With all this in mind, a wedding photographer must be properly prepared. A basic minimum requirement is the availability of a second camera should the principal camera fail in some way. Many wedding photographers equip themselves with two identical cameras and may carry both at the same time. The two camera bodies are fitted with different lenses, which saves changing lenses on the fly. Should one camera fail, the other is available to continue with the photography.

Professional cameras may provide for images to be written simultaneously on to two memory cards. This provides a degree of protection against memory card failure but obviously involves the use of twice the number of memory cards. Other photographers carry facilities for downloading images during the wedding - perhaps between the ceremony and the wedding breakfast. This approach also guarantees the security of the earlier images should a drink be spilled over the camera at the reception.

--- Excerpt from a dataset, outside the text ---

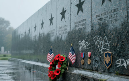 Soldier Placing Flag on Memorial Wall, Honoring Fallen Heroes

Security of images is perhaps the most important consideration for a wedding photographer, but it is also vital to have good-quality cameras and lenses. Choice of lenses varies according to a particular photographer's style and the nature of the wedding, but a fast (minimum f/2.8) 80 - 200mm zoom lens is reasonably standard. A second camera might then be fitted with a fast wide-angle zoom lens such as an f/2 18 - 35mm optic.

Other essential items of equipment include a good-quality warm or half-warm reflector (such as the folding Lastolite type), a powerful flashgun and perhaps a tripod. The tripod can be useful at the wedding breakfast where light levels are likely to be low, but can also be used to establish the photographer's presence, and prime position, when groups are being photographed.

There are of course many other items a photographer may wish to have available at a wedding. These are dependent upon style and circumstances, but might include white umbrellas for use by the bridal party in the event of significant rainfall, and a complete studio flash setup to make all photography possible indoors.